Switch to `credentials: "same-origin"` — the request URL is always
same-origin because `space.proxy.buildUrl(...)` rewrites to the
space-agent `/api/proxy` endpoint. The proxy explicitly strips the
`cookie` header before forwarding upstream (see
`UPSTREAM_REQUEST_HEADERS_TO_STRIP` in `server/router/proxy.js`), so
this change does not leak space-agent session state to `chatgpt.com`.
The Codex `/models` endpoint requires the `client_version` query
parameter; omitting it returns HTTP 400 `invalid_request_error` with
`loc: ('query', 'client_version'), msg: 'Field required'`. The
previous `CODEX_MODELS_ENDPOINT` constant resolved to the bare path
without the query, so every live discovery call was rejected and the
settings dropdown kept falling back to the static catalog.
The value itself is not account-scoped and only identifies the caller
surface; we advertise `0.0.0` to match the User-Agent prefix we
already send for Cloudflare compliance.
`summarizeOnscreenAgentLlmSelection` and `summarizeAdminAgentLlmSelection` fell through to `summarizeLlmConfig(apiEndpoint, model)` for any non-local provider, which meant a signed-in Codex session displayed the unconfigured API- tab default (`anthropic/claude-sonnet-4.6`) next to the composer and throughout the thread view even though the active transport was Codex with `gpt-5.4` (or whichever Codex model the user selected). Add an explicit `CODEX` branch to both summaries that reads `settings.codexModel`, normalized through `normalizeCodexModelId()` so empty or missing values fall back to the shipped default `gpt-5.4-mini` rather than an empty string. The API branch remains unchanged so existing OpenRouter and other OpenAI-compatible setups are unaffected.
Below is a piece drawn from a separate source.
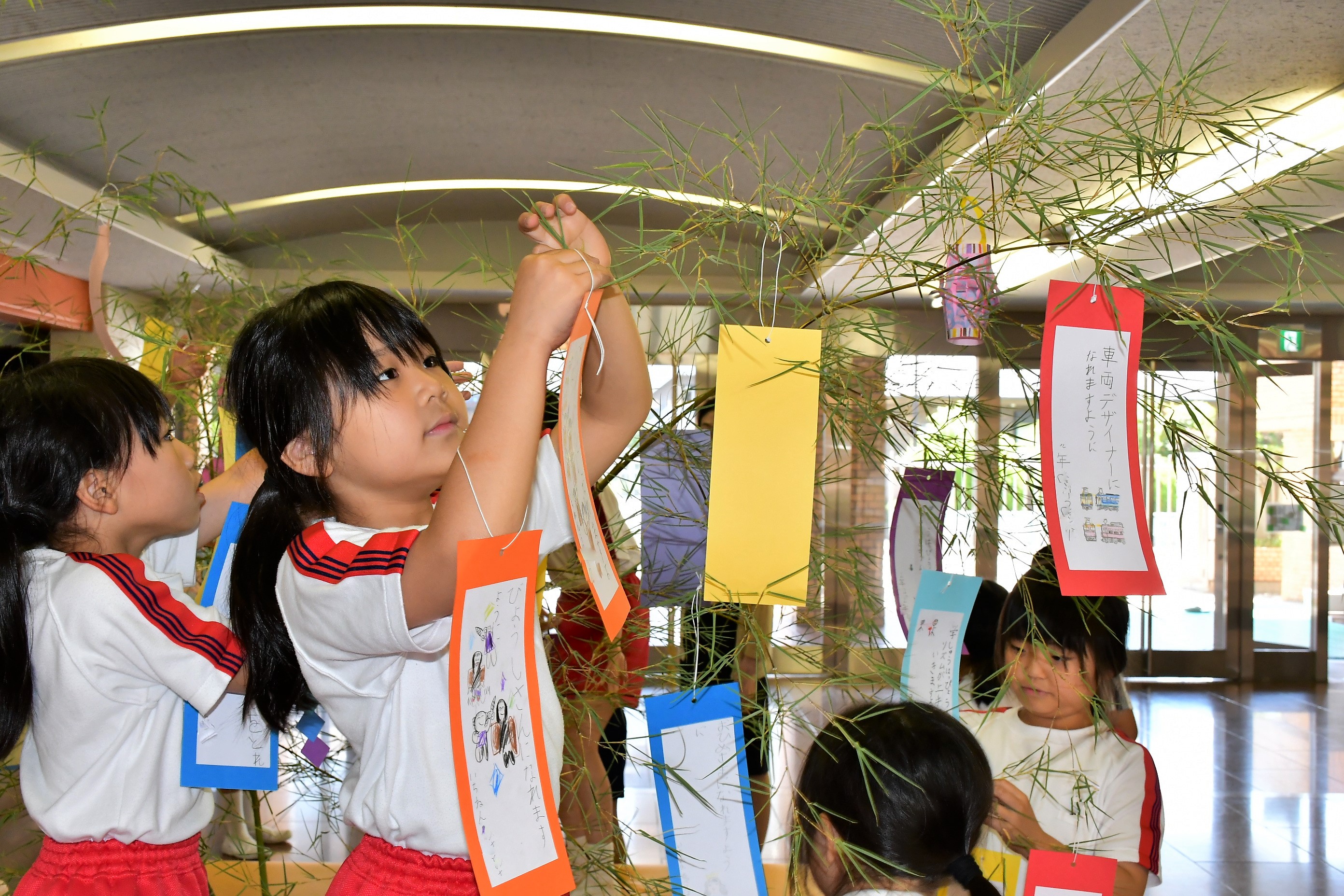 七夕に向け、短冊にそれぞれの願いを書きました。笹に託した子どもたちの願いが叶いますように…!

Saving Codex settings previously flashed the status text `API chat settings updated.` (overlay) or `API LLM settings updated.` (admin), which is misleading because the active provider at save time is Codex, not the OpenAI-compatible API tab. Both stores now branch explicitly on `CODEX` and surface `ChatGPT settings updated.` so the confirmation matches the tab the user just saved from.
The module cannot be fully exercised without an active ChatGPT Plus subscription, so the AGENTS.md now spells out explicitly what a reviewer can and cannot verify without credentials. Pure-function tests, endpoint auth-gate registration, and module-hierarchy import cleanliness are reviewable without a subscription; the OAuth flow, live chat, refresh, and live catalog discovery are not. This prevents reviewers from either (a) rejecting the PR because they cannot reach end-to-end verification locally or (b) trying to use personal credentials and leaving them in temp state afterwards.
Commit c637738 renamed the poll endpoint's return field from `status` to `state` to avoid collision with the shared router's HTTP-status heuristic in `server/router/responses.js`, but the two AGENTS.md descriptions of the endpoint contract were not updated. This brings server/api/AGENTS.md and server/lib/openai_codex/AGENTS.md in line with the code and notes the reason for the unusual field name so future readers do not try to "fix" it back to `status`.
`OnscreenAgentCodexLlmClient.validateSettings` checked `settings.model`, but the Codex request hook reads the model slug from `settings.codexModel` (with `settings.model` only as a last- resort fallback when `codexModel` is empty). The check therefore passed for any user whose API tab still held the default OpenRouter model `anthropic/claude-sonnet-4.6` even when Codex was the active provider and `codexModel` was blank, and the subsequent Codex request would fail with an unrelated upstream error. Switch the check to the admin-side pattern (`!codexModel && !model`) so both fields must be empty before the "choose a Codex model" error surfaces. The default in `DEFAULT_ONSCREEN_AGENT_SETTINGS.codexModel` means this rarely fires in practice, but the asymmetry between the overlay and admin clients was a real drift.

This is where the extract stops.